* [EXERCISE]
Copy out the entries word for word, leaving images aside.

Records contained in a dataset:

---+---

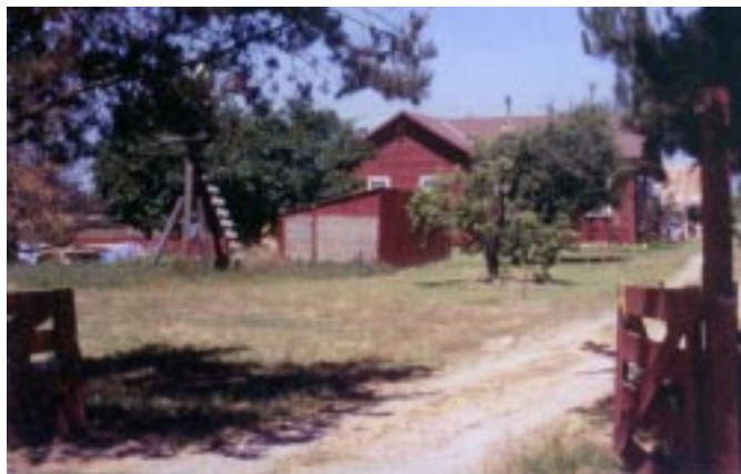
Scenic farm vistas such as this one are valued by three quarters of the Americans who responded to the American Farmland Trust poll.

House bill did some of this, but mainly increased money for the traditional major commodities. A bipartisan amendment
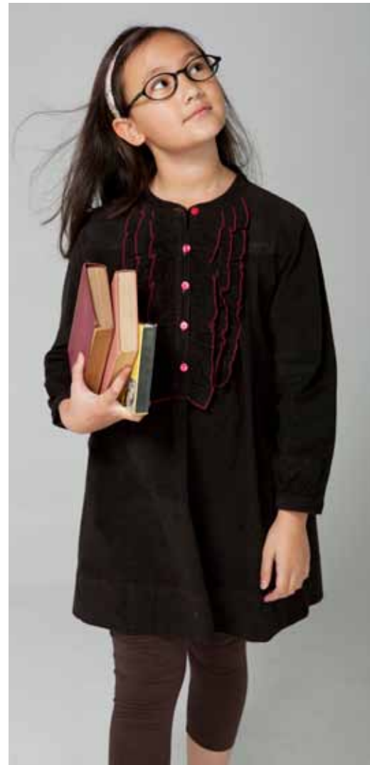
Aurelie Cord Ruffle Front Dress , Choc Brown. Navy (p8). Cotton corduroy. Embroidered at back shoulder.0002. Helena Cotton Leggings , Choc Brown. Rose (p2), Navy (p15). Light Purple (p22). Cotton jersey. 0314.
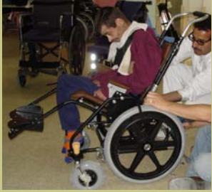
Beginning of Custom Fitting
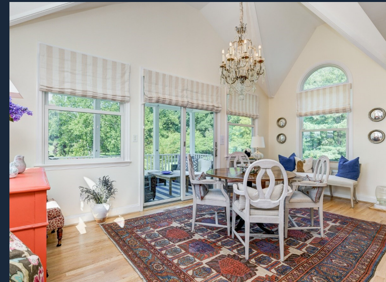
Sun Room/Breakfast room
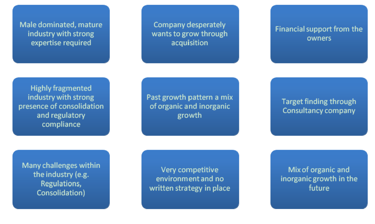
Figure 3. Main findings
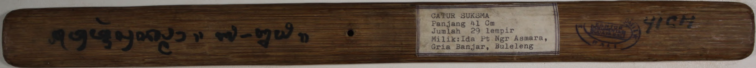
Catur Suksma Pusat Dokumentasi Dinas Kebudayaan Provinsi
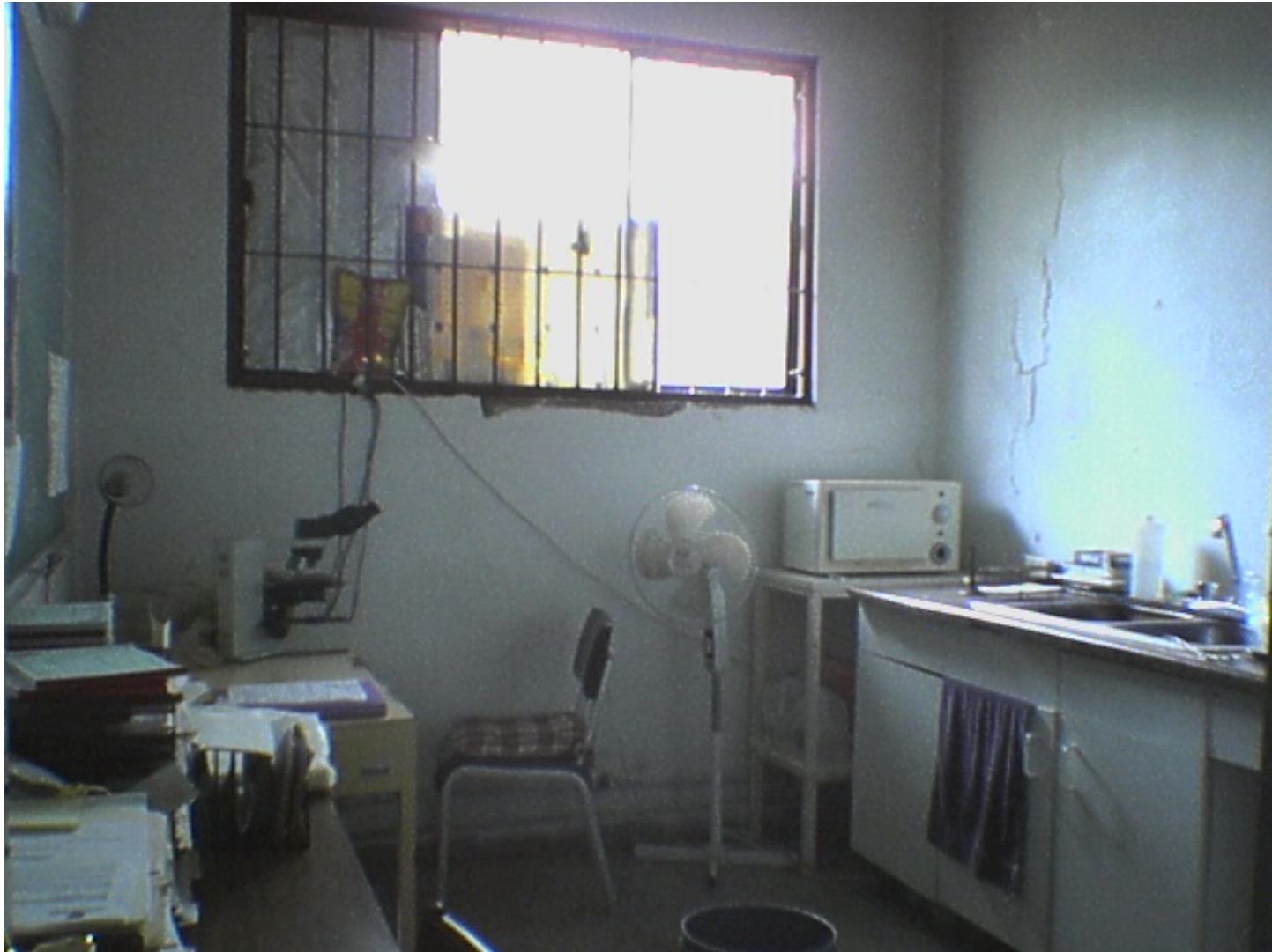
TB Laboratory Nuevo Laredo Health Department
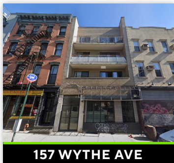
157 WYTHE AVE
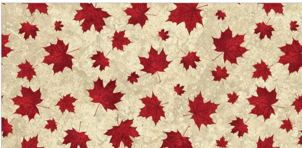
24269-14 | Small Leaves | Beige Red
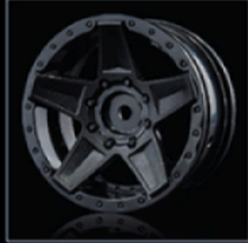
Black 648 1.9" wheel (+5) (4) 黑色 648 1.9" 輪框 (+5) (4)
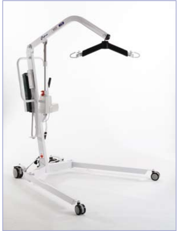
Midi 170 (170 kgs SWL)

The Oxford Midi 170 has become the versatile industry standard in homecare, offering surprising performance for a hoist of its size. The Oxford Midi offers the perfect solution for the community/nursing environment, whilst being sympathetic to the space constraints it may encounter. Available in both electric and hydraulic versions, the Midi is the all-round performer.
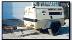
INGERSOLL RAND 185

1998 INGERSOLL-RAND P185WJD Portable Air Compressor , s/n 272362UAH221, JD 4 cyl dsl engine
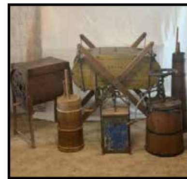
Stave w/wooden band
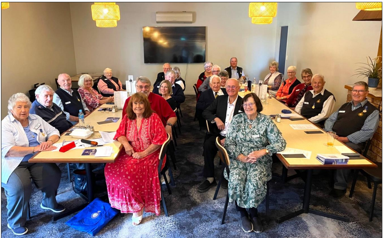
Members of the Yorke Peninsula Regional Group in Ardrossan on Sunday 28 April.
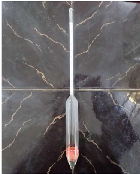
L.3.7 Analisa Densitas

---+---

* [OUTPUT BELOW]
Scenic farm vistas such as this one are valued by three quarters of the Americans who responded to the American Farmland Trust poll.

House bill did some of this, but mainly increased money for the traditional major commodities. A bipartisan amendment
Aurelie Cord Ruffle Front Dress , Choc Brown. Navy (p8). Cotton corduroy. Embroidered at back shoulder.0002. Helena Cotton Leggings , Choc Brown. Rose (p2), Navy (p15). Light Purple (p22). Cotton jersey. 0314.
Beginning of Custom Fitting
Sun Room/Breakfast room
Figure 3. Main findings
Catur Suksma Pusat Dokumentasi Dinas Kebudayaan Provinsi
TB Laboratory Nuevo Laredo Health Department
157 WYTHE AVE
24269-14 | Small Leaves | Beige Red
Black 648 1.9" wheel (+5) (4) 黑色 648 1.9" 輪框 (+5) (4)
Midi 170 (170 kgs SWL)

The Oxford Midi 170 has become the versatile industry standard in homecare, offering surprising performance for a hoist of its size. The Oxford Midi offers the perfect solution for the community/nursing environment, whilst being sympathetic to the space constraints it may encounter. Available in both electric and hydraulic versions, the Midi is the all-round performer.
INGERSOLL RAND 185

1998 INGERSOLL-RAND P185WJD Portable Air Compressor , s/n 272362UAH221, JD 4 cyl dsl engine
Stave w/wooden band
Members of the Yorke Peninsula Regional Group in Ardrossan on Sunday 28 April.
L.3.7 Analisa Densitas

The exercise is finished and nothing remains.